В течение года вышеозначенная шерсть выпадает клочками, как у всякой нестриженой овцы.
Юная особа имеет весьма привлекательную внешность, выразительные глаза и белоснежную кожу; все зрители в больших городах восхищались ею, а в 1846 г., во время пребывания в Лондоне, она была представлена Ее Величеству королеве, которая соизволила выразить свое изумление, добавив при этом, что никогда еще природа не создавала столь причудливого существа.
Зрителям будет дана возможность ощупать руно, проверить его упругость, понюхать и проч.
Сей феномен можно видеть ежедневно вплоть до воскресенья, то есть до 5-го числа сего месяца.
Тогда же выдающийся певец исполнит несколько оперных арий.
Характерные танцы, испанские и итальянские, в исполнении артистов на государственном содержании.
Входная плата 25 сантимов. Для детей и господ военных 10 сантимов»[318]
За отсутствием других зрелищ, я решил удостовериться, впрямь ли так чудесны чудеса, возвещаемые афишей, и когда снова вышел на улицу, было уже за полночь.
Не без страха пытаюсь сейчас разобраться в странных ощущениях, испытанных мною, когда, вернувшись, я наконец уснул. Мой мозг, слишком, вероятно, возбужденный воспоминаниями о предыдущей ночи, да и видом Аркового моста, по которому я возвращался в гостиницу, сфантазировал сон, отчетливо запечатлевшийся в памяти.
Капернаум[319]
Коридоры, коридоры, нет им конца. Лестницы, лестницы, поднимаешься, спускаешься, опять поднимаешься, нижние ступени всегда погружены в черную, взбаламученную колесами воду, вздымаются огромные арки… кругом путаница строительных лесов. Подниматься, спускаться, брести по коридорам вечность за вечностью… Что это? Кара, которая ожидает меня за мои прегрешения?
Уж лучше тогда остаться в живых!
Как бы не так! Мне раскалывают голову тяжелыми ударами молота: что это все означает?

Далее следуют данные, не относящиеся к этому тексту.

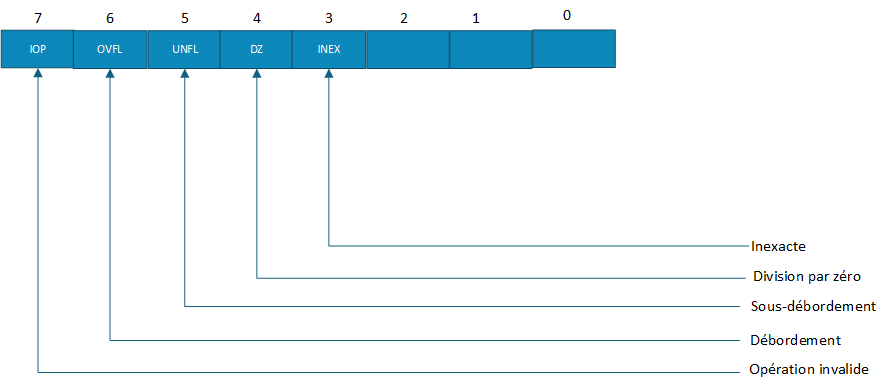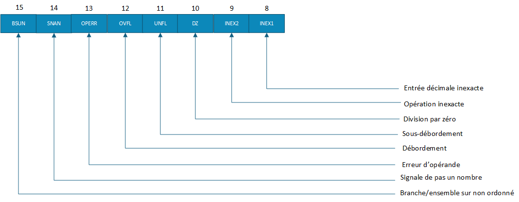 OCTET D'ÉTAT D'EXCEPTION : L'octet EXC, illustré dans la figure suivante, contient un bit pour chaque exception à virgule flottante susceptible de s'être produite lors de la dernière instruction arithmétique ou opération de déplacement. Cet octet est effacé au début de toutes les opérations générant des exceptions à virgule flottante. Les opérations ne générant pas d'exceptions à virgule flottante ne réinitialisent pas cet octet. Un gestionnaire d'exceptions peut utiliser cet octet pour déterminer quelle(s) exception(s) à virgule flottante a/ont provoqué une interruption.

«Я размечтался о бильярдных шарах… о кисленьком винце в конце…»
«Доволен ли мосью мэр и его мадама?»
Ну вот, теперь я спутал Бильбоке с Макэром! Но это еще не резон, чтобы разбивать мне голову мостовыми сваями.
«Сжечь на костре еще не значит опровергнуть!»
Не в том ли дело, что я поцеловал женщину с рожками? Пощупал ее мериносовую шерсть?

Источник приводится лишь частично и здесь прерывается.